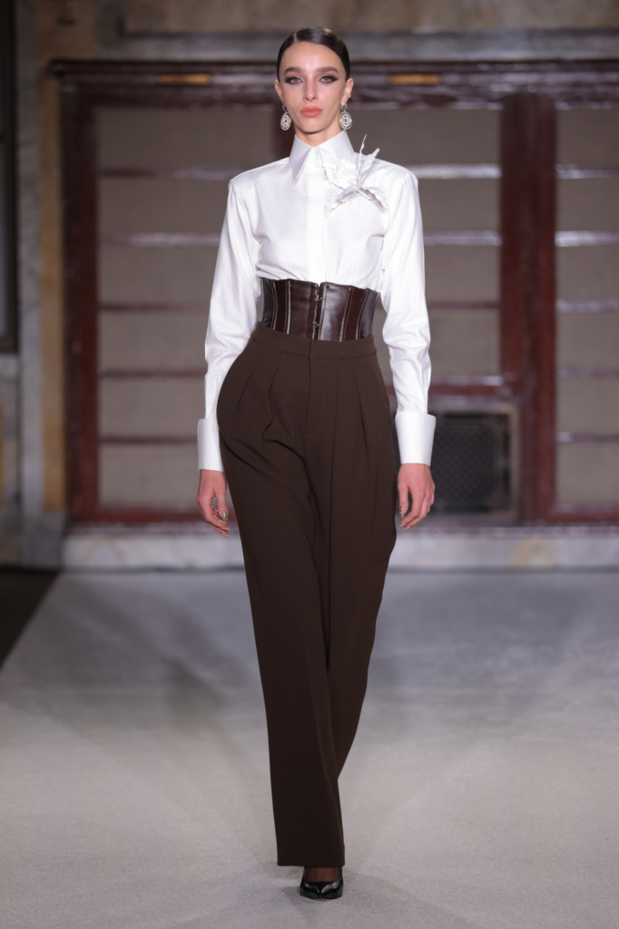 Hudson, long celebrated for his high-octane tailoring and red-carpet bravado, softened the volume without sacrificing impact. Models glided across a white carpet to a subdued soundtrack, reframing his signature opulence as something more private and deliberate. The message was clear: power doesn’t always need to shout.
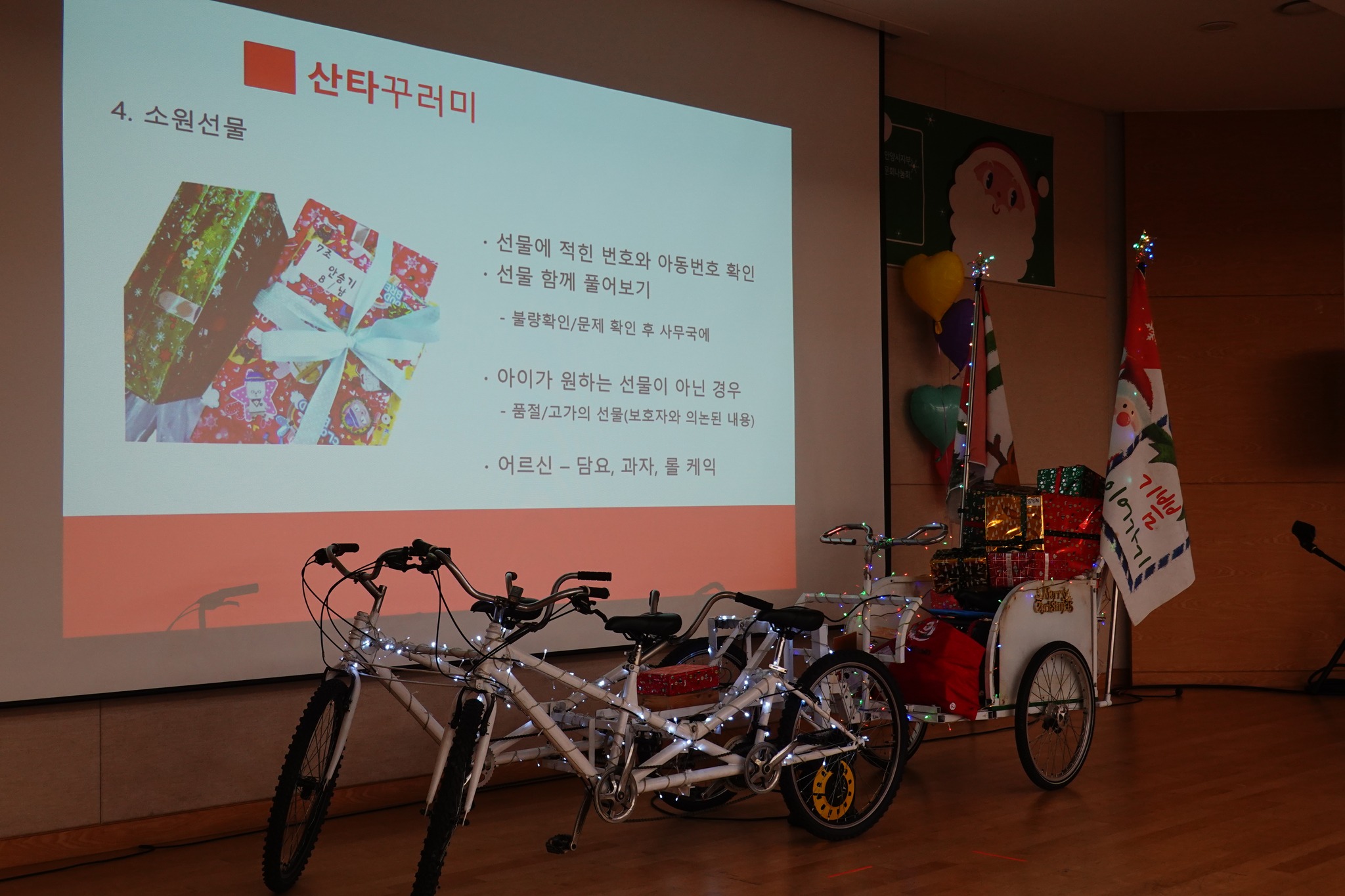 올해에는 안양.군포.의왕 지역에 250여명의 사는 저소득, 위기, 장애, 다문화, 조손, 한부모 가정 어린이들이 평소 갖고 싶었던 소원선물과 예쁜 케익과 더불어 산타들이 아이와 함께 즐길 수 있는 노래와 율동 등 다양한 이벤트를 준비해 찾아갔는데 올해 촐동한 산타들은 매년 크리스마스뿐만 아니라 어린이날, 한가위 등의 명절에도 어린이들을 방문한다.
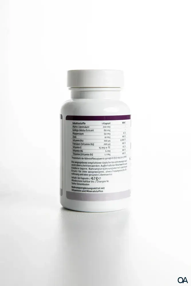 - Zusammensetzung pro Tagesdosis (1 Kapsel) %NRV*: Alpha-Liponsäure 200,0mg –, Ginkgo-biloba-Extrakt 80,0mg –, Magnesium 60,0mg 16%, Zink 10,0mg 100%, Vitamin B12 100µg 4.000%, Folsäure (Vitamin B9) 200µg 100%, Vitamin E 15,0mg 125%, Vitamin B6 6,0mg 100%, Thiamin (Vitamin B1) 1,1mg 100%. * NRV = Nutrient Reference Value, Nährstoffbezugswert.
______________________________
Repeat the listing in full and to the letter, excluding every image.

→ EXERCISE RESULT:
 Hudson, long celebrated for his high-octane tailoring and red-carpet bravado, softened the volume without sacrificing impact. Models glided across a white carpet to a subdued soundtrack, reframing his signature opulence as something more private and deliberate. The message was clear: power doesn’t always need to shout.
 올해에는 안양.군포.의왕 지역에 250여명의 사는 저소득, 위기, 장애, 다문화, 조손, 한부모 가정 어린이들이 평소 갖고 싶었던 소원선물과 예쁜 케익과 더불어 산타들이 아이와 함께 즐길 수 있는 노래와 율동 등 다양한 이벤트를 준비해 찾아갔는데 올해 촐동한 산타들은 매년 크리스마스뿐만 아니라 어린이날, 한가위 등의 명절에도 어린이들을 방문한다.
 - Zusammensetzung pro Tagesdosis (1 Kapsel) %NRV*: Alpha-Liponsäure 200,0mg –, Ginkgo-biloba-Extrakt 80,0mg –, Magnesium 60,0mg 16%, Zink 10,0mg 100%, Vitamin B12 100µg 4.000%, Folsäure (Vitamin B9) 200µg 100%, Vitamin E 15,0mg 125%, Vitamin B6 6,0mg 100%, Thiamin (Vitamin B1) 1,1mg 100%. * NRV = Nutrient Reference Value, Nährstoffbezugswert.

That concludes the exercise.